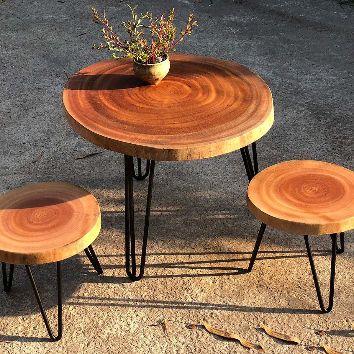Bộ bàn trà, bàn ghế cà phê gỗ xà cừ tự nhiên nguyên tấm, không gian quán, sân thượng, sân vườn, ban công
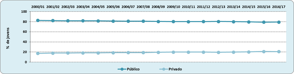 | I22.B Distribuição percentual entre estabelecimentos públicos e privados dos alunos matriculados em modalidades de educação/formação orientadas para jovens, no Continente (2000/01 a 2016/17) | ||||||||||||||||||
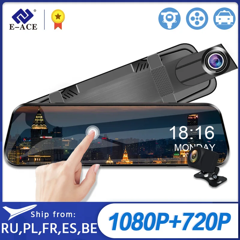 E-ACE Автомобильный видеорегистратор Камера 10 дюймов сенсорный экран Потоковое вещание зеркало заднего вида видеорегистратор FHD 1080P регистра...
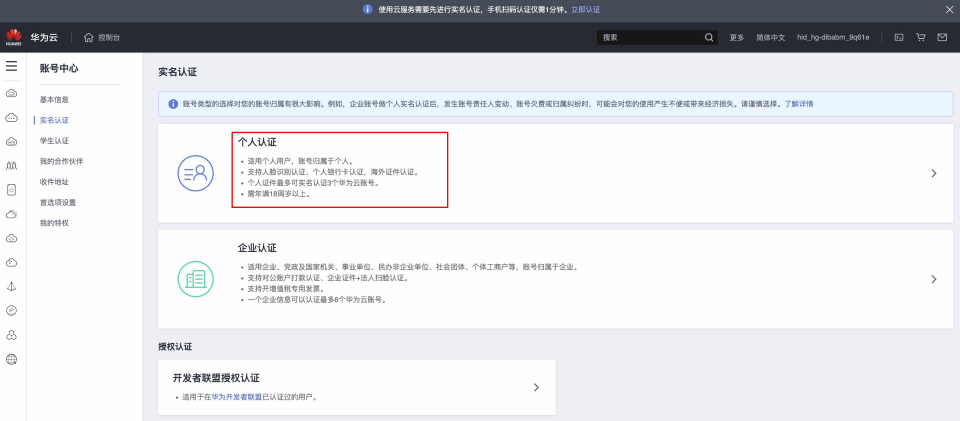 选择“个人认证”↑ ——————————————————————————————
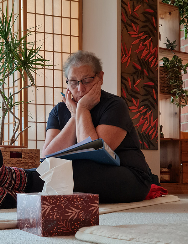 „Ich bin dieses 3. WE der Spurensuche unvorbereitet gestartet. Ich fühlte mich physisch und psychisch unwohl. Mein Körper will nicht mehr so wie ich will. Diese Einschränkungen machen mir sehr zu schaffen. Noch am Freitag wurde ich durch meine Eulenschwestern, durch Jenny und Gabriela zu Oma-Bärin „ernannt“.
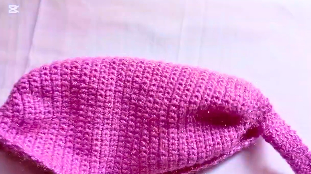 In the middle section, each row starts with turning chains, then alternates double crochets and chain-two spaces to keep an open yet snug texture.Keep the stitch count constant to maintain straight edges.
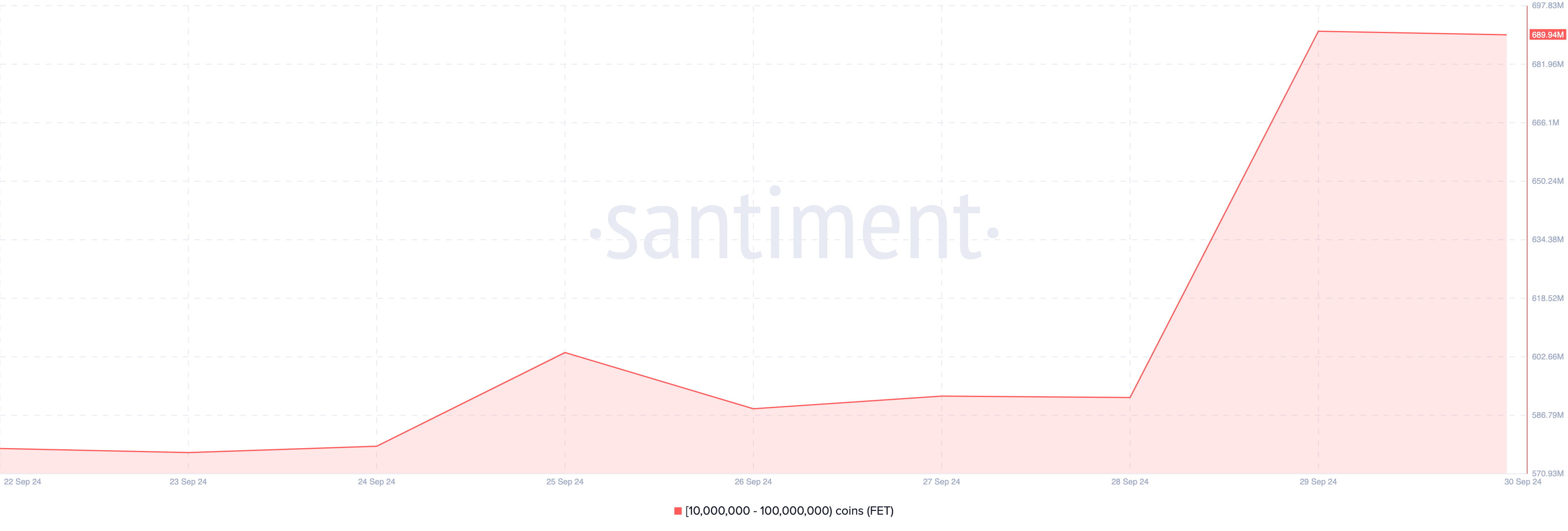 หลังจากการลดลงนั้น ดูเหมือนว่าวาฬคริปโตจะมองเห็นโอกาสในการซื้อในราคาที่ถูกลง ซึ่งเห็นได้จากข้อมูลบนเชนที่ได้มาจาก Santiment ตามข้อมูลของ Santiment จำนวนเหรียญที่ถือโดยที่อยู่ที่มีประมาณ 10 ล้านถึง 100 ล้าน FET อยู่ที่ 591.45 ล้านเหรียญในวันที่ 27 กันยายน
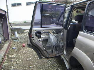 しっかり直すのも一つだけれど、とりあえず内側から押せば回復するかと考え、内張を取り外す。
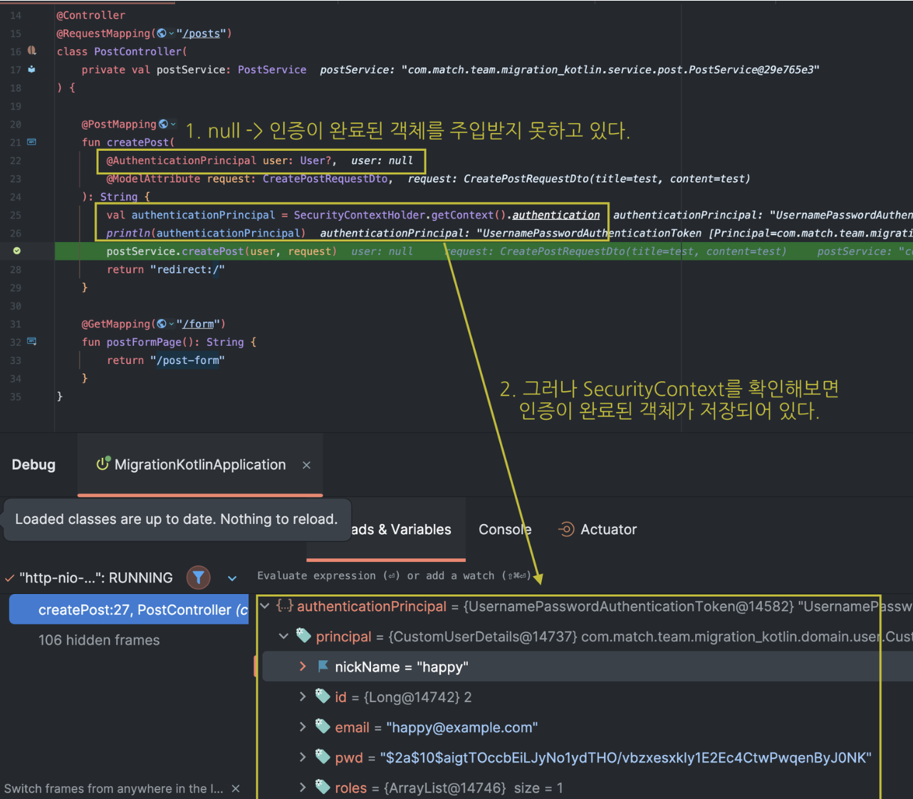 2번에서 설명했듯이, User 객체가 @AuthenticationPrincipal를 사용하여 인증된 객체를 주입 받고자 했으나 null이 저장된다. null이 저장된 것이 맞는지 의심이 된다면 위의 그림1을 보자.
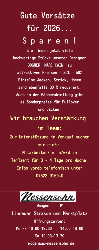 Modehaus Nessensohn in Wangen im Allgäu
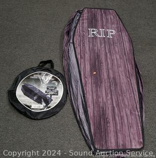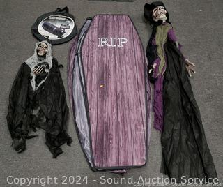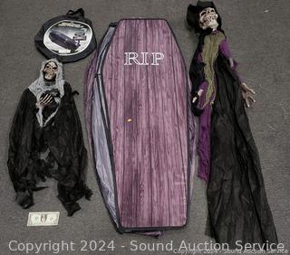 Lot #0204: 5ft Hanging Skull Witch, Instant Coffin
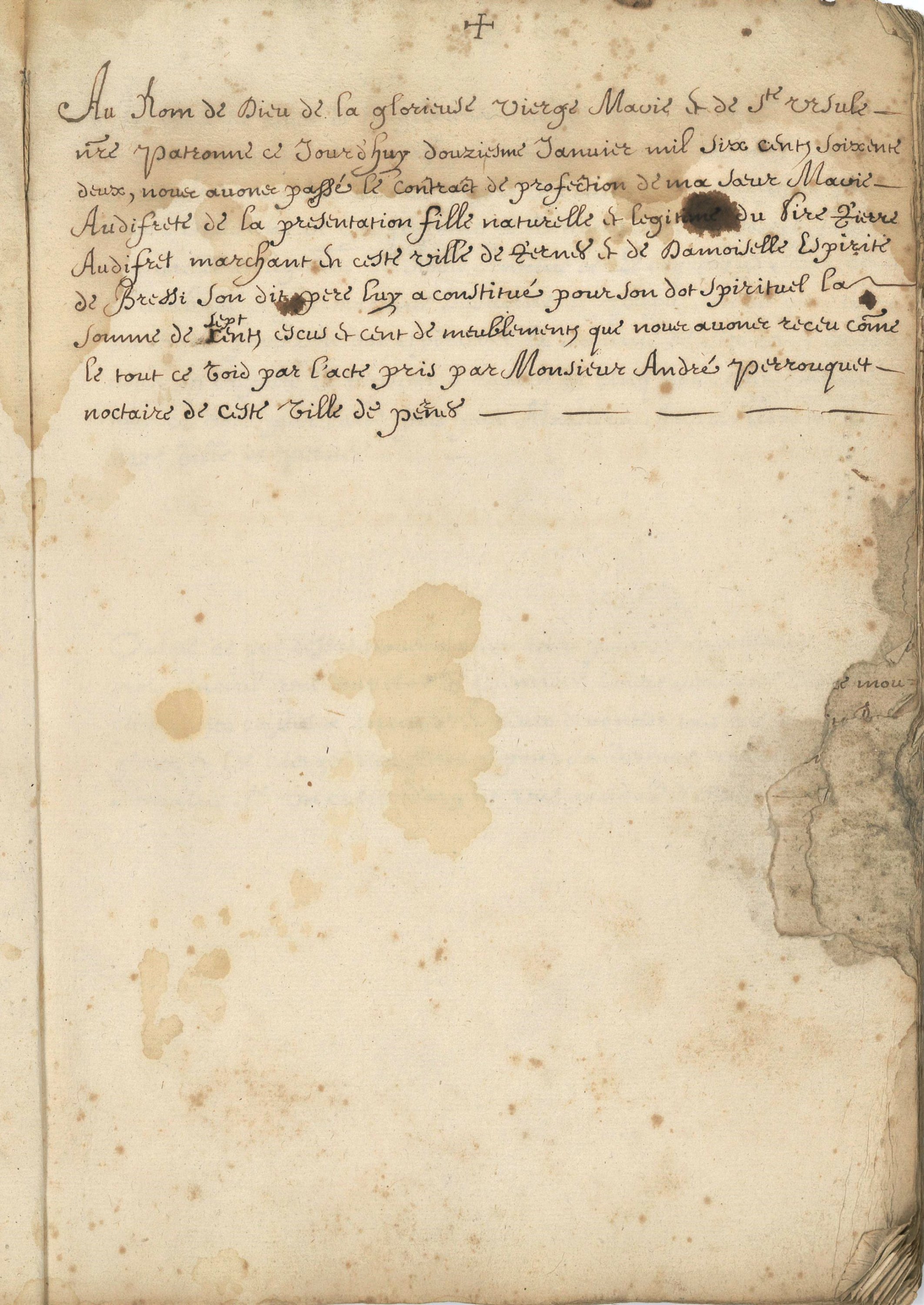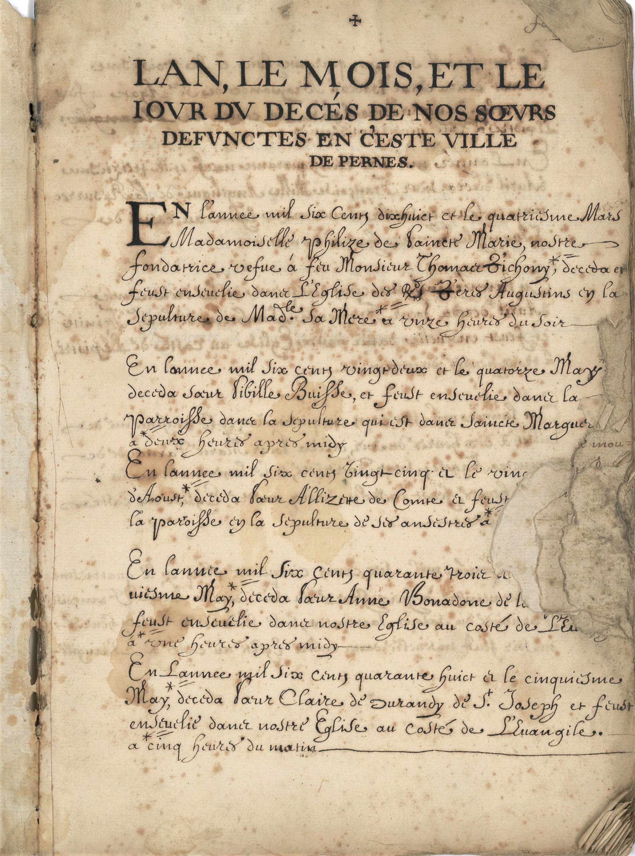 Registre détaillant les sépultures de 1618 à 1656, la réception des professions et leurs dots de 1662 à 1685, des religieuses de la congrégation de Sainte-Ursule de la ville de Pernes ; cahier manuscrit 30 pages in-4 (manques et tâches) ;
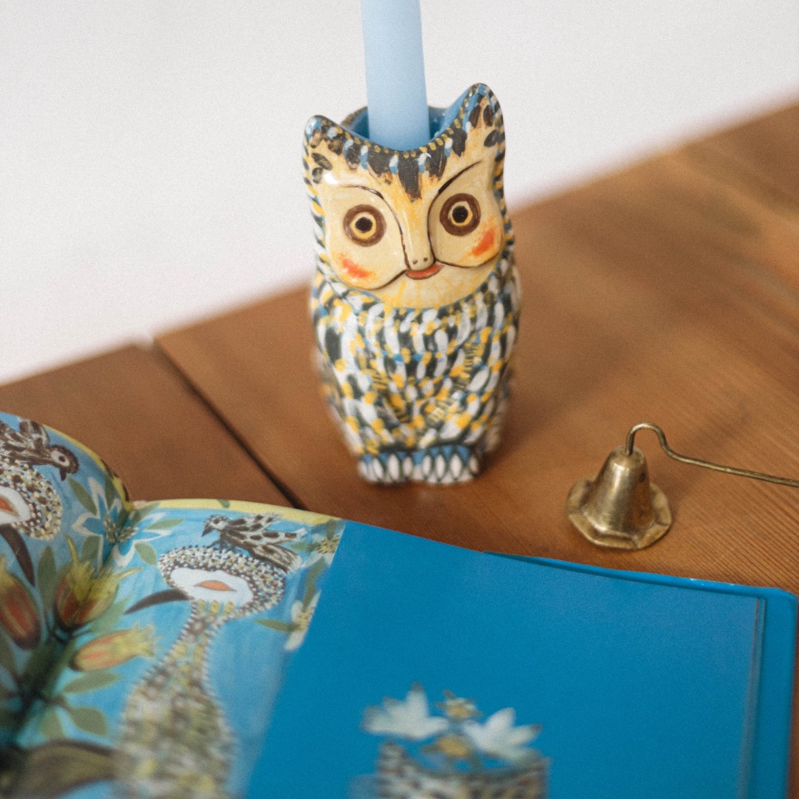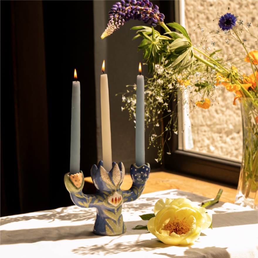 Свічники набиваються вручну через форму і пізніше майстри пропрацьовують деталі. Рушник зроблено з льону та прикрашено машинною вишивкою, скатертину — з бавовни з принтом.
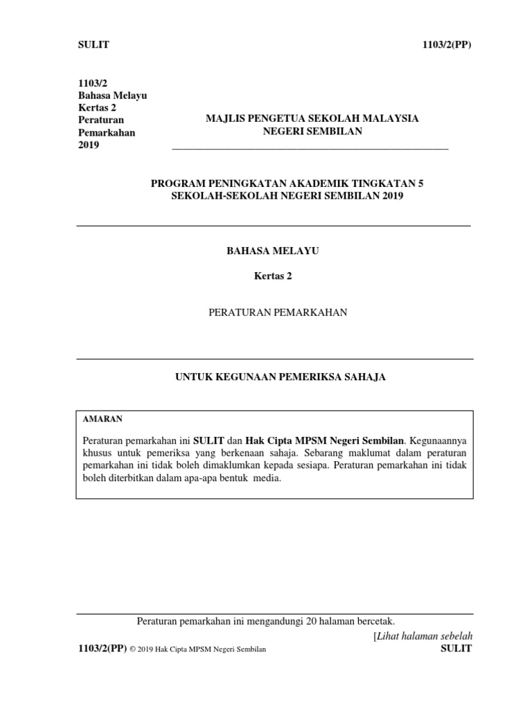 Skema Jawapan Kertas 1 Dan Kertas 2 Negeri Sembilan Bm Spm Percubaan Pdf

---

**Required work**
Everything from the line above that contains "しっかり直すのも一つだけれど" down to the line that contains "Lot #0204: 5ft" must be reproduced exactly, both ends included. Omit the pictures.

**Problem solution**
 しっかり直すのも一つだけれど、とりあえず内側から押せば回復するかと考え、内張を取り外す。
 2번에서 설명했듯이, User 객체가 @AuthenticationPrincipal를 사용하여 인증된 객체를 주입 받고자 했으나 null이 저장된다. null이 저장된 것이 맞는지 의심이 된다면 위의 그림1을 보자.
 Modehaus Nessensohn in Wangen im Allgäu
 Lot #0204: 5ft Hanging Skull Witch, Instant Coffin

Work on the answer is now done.